Goods and Service tax council
(“GST Council”) in its 27th GST Council Meeting held through video
conferencing on 4th May 2018 finally approved the filing of new
return based on the recommendations of the Group of Ministers on IT to simply
compliance under GST. The key feature of new return is as under:
1. Periodicity: Under the new regime, a single return is required to be
filed by every taxpayer, except few like composition dealer, on monthly basis
unlike multiple returns filing under the existing system. Due date of return
filing will depend upon turnover. A dealer with nil transaction may file a
quarterly return.
2. Under the new system,
uploading of invoices will be unidirectional by the seller. Seller may upload
such invoice at any time during the month and such invoice will be available to
the buyer on a real-time basis. Buyer will not be required upload purchase
invoices separately.

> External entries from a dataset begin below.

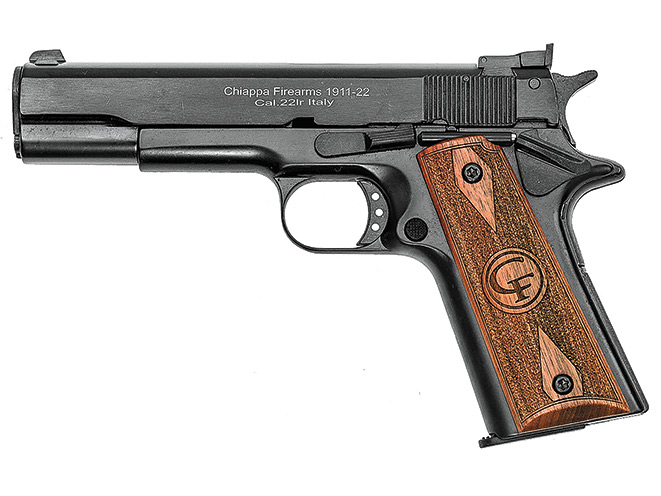 Produced in Italy and available here in the United States through Chiappa Firearms, the 1911-22 Target pistol in .22 LR delivers a modern-style 1911 ready for precise target shooting. Combining classic styling cues such as a standard safety with enhanced upgrades like a fully adjustable rear sight unit, the 1911-22 Target features an attractive matte black finish with polished sides on the slide. The pistol itself is constructed from a combination of what the company terms “Chiappalloy” and steel, resulting in a weight of 33.5 ounces that is comparable to a true centerfire 1911.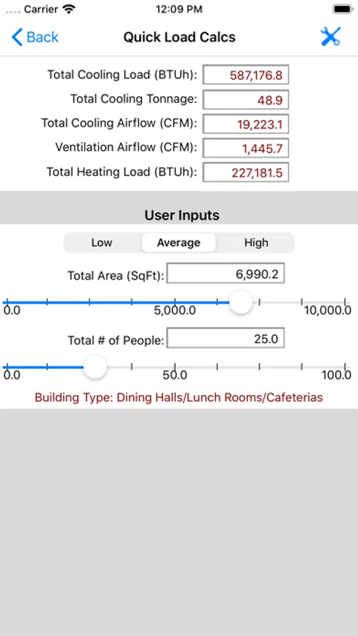 This app performs rule-of-thumb HVAC cooling and heating load calculations for many types of commercial, industrial, institutional, and residential buildings. It allows you to quickly calculate the total required cooling and heating loads (in BTU/hr or Tonnage) and air flows (CFM or L/s) by inputting just the building type, total square area and number of people.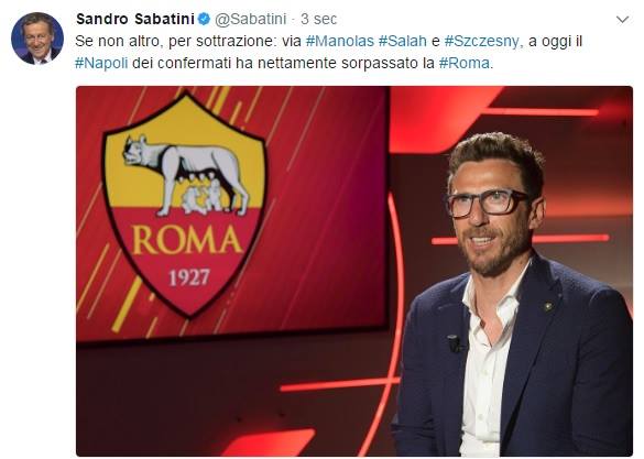 Ecco il tweet: “Se non altro, per sottrazione: via Manolas, Salah e Szczesny, a oggi il Napoli dei confermati ha nettamente sorpassato la Roma“.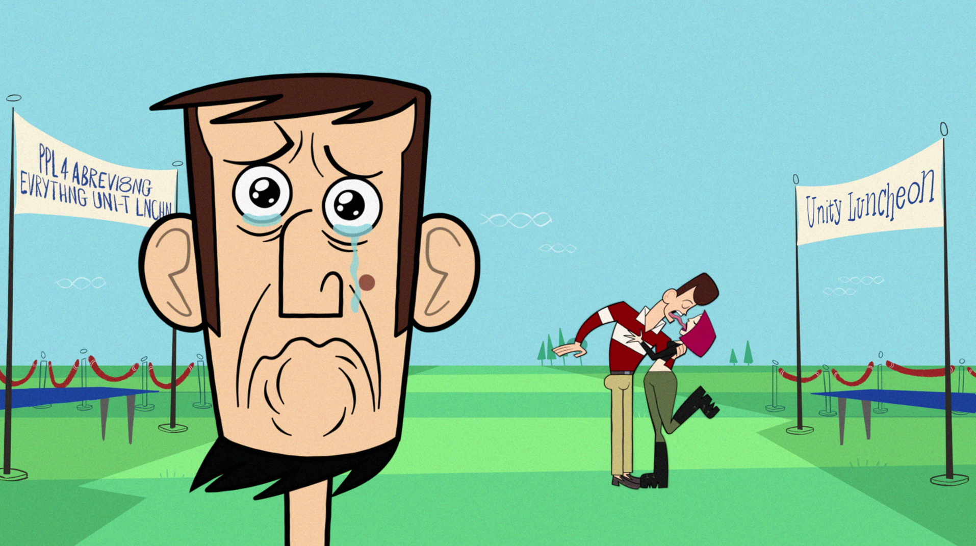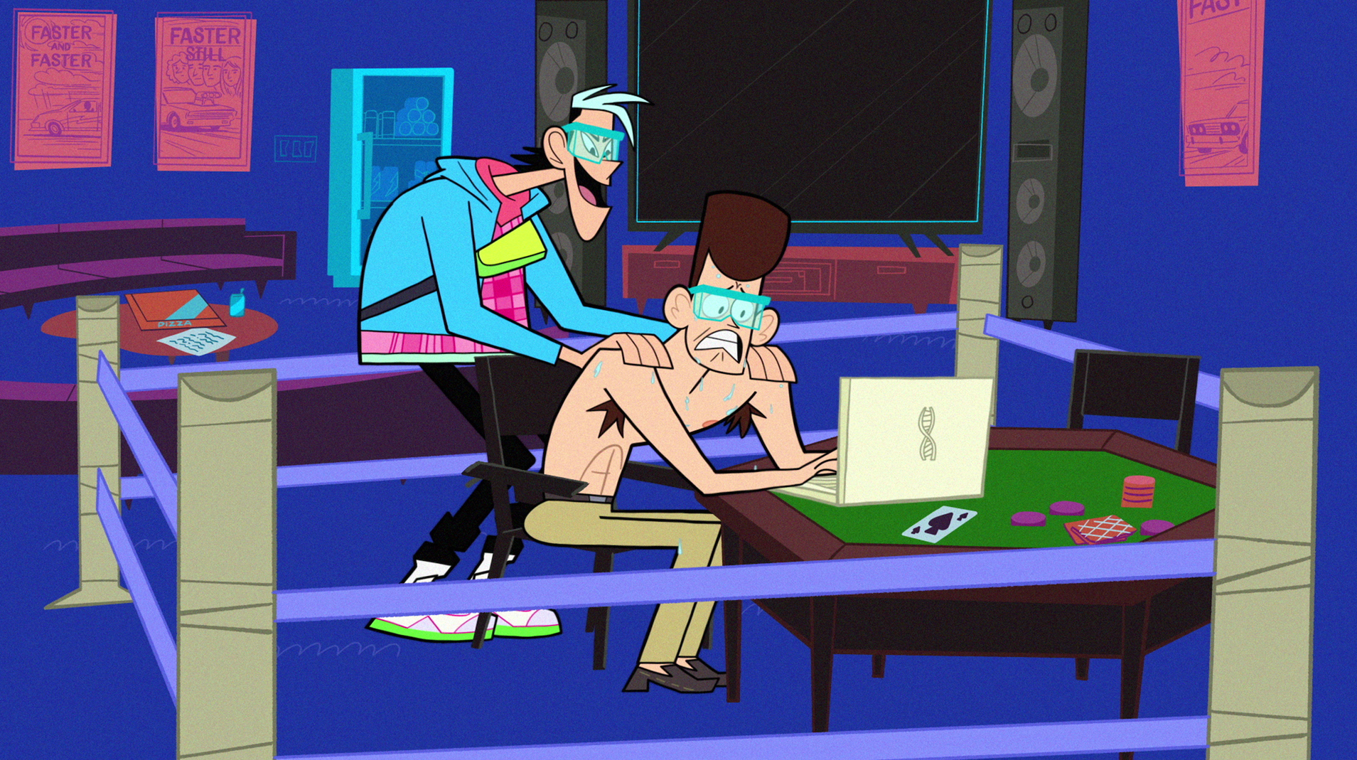 I’ve written a bit about the semantics of returning series like this one, often referred to as “reboots” or “revivals,” but I think the best way to ultimately understand Clone High is as a “rethink” for how it blends the two approaches. It’s a revival in the sense that it literally unfroze (most of) its characters and even updates the audience (and the shadowy government figures responsible for thawing them) on the central love rhombus in case they’re among those who missed the cult show the first time around. It’s a reboot given that Scudworth has been secretly operating a new version of the program in secret, such that a new group of clones are sexy teens now, and they’re also going to make it if they try alongside the originals. And it’s a rethink because how it approaches both of these shows is fundamentally informed by the passage of time in between, at least through two episodes.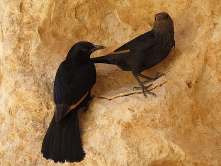 Pair of Tristram's starling birds in the Israeli desert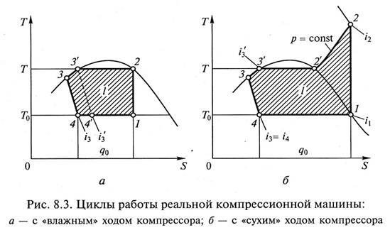 кл с «влажным» ходом компрессора (рис. 8.3, а) наиболее близок к обратному циклу Карно и поэтому обладает наиболее высокой эффективностью. Отличие заключается в том, что процесс дросселирования осуществляется при постоянной энтальпии (изоэнтальпа 3 – 4). Линия 3' – 3 соответствует возможному переохлаждению среды в теплообменнике-конденсаторе. Холодильный коэффициент в этом случае определяется отношением удельной хладопроизводительности в теплоо6менникеиспарителе (i1 – i4) к удельной производительности компрессора (i2 – i1)

HSN of 4 digits or more will be required on all B2B invoices to
achieve uniformity.
3. Simplified return: Based on uploaded sales details, the system will automatically
compute GST liability. The system will automatically calculate Input tax credit
based on sales invoice uploaded by the supplier.

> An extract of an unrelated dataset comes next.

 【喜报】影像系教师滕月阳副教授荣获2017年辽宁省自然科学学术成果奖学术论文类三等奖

4. In case of default in the
payment of GST by the supplier, credit will not be denied to the buyer.
Recovery of such tax will be made from supplier primarily. However, in certain
cases like non-availability of supplier or discontinuation of business by the
supplier, credit may be disallowed to a buyer.
5. To control misuse of Input
Tax credit, person defaulted in payment of GST will not be allowed to uploaded
sales invoice and accordingly, no credit will be available to the buyer on
purchases made from such supplier. Similar safeguards would be built with
regard to newly registered dealers also.
6. Transition to new GST return will be in 3 stages:
Stage-1: will be the present system of filing of GSTR-1 and GSTR 3B. GSTR-2 and GSTR-3 will continue to suspend. This stage will continue
for not more than 6 months.
Stage-2: In new return, invoice wise sales uploading facility will be
available, however, input tax credit will be available on a self-declaration
basis. This phase will continue for next 6 months.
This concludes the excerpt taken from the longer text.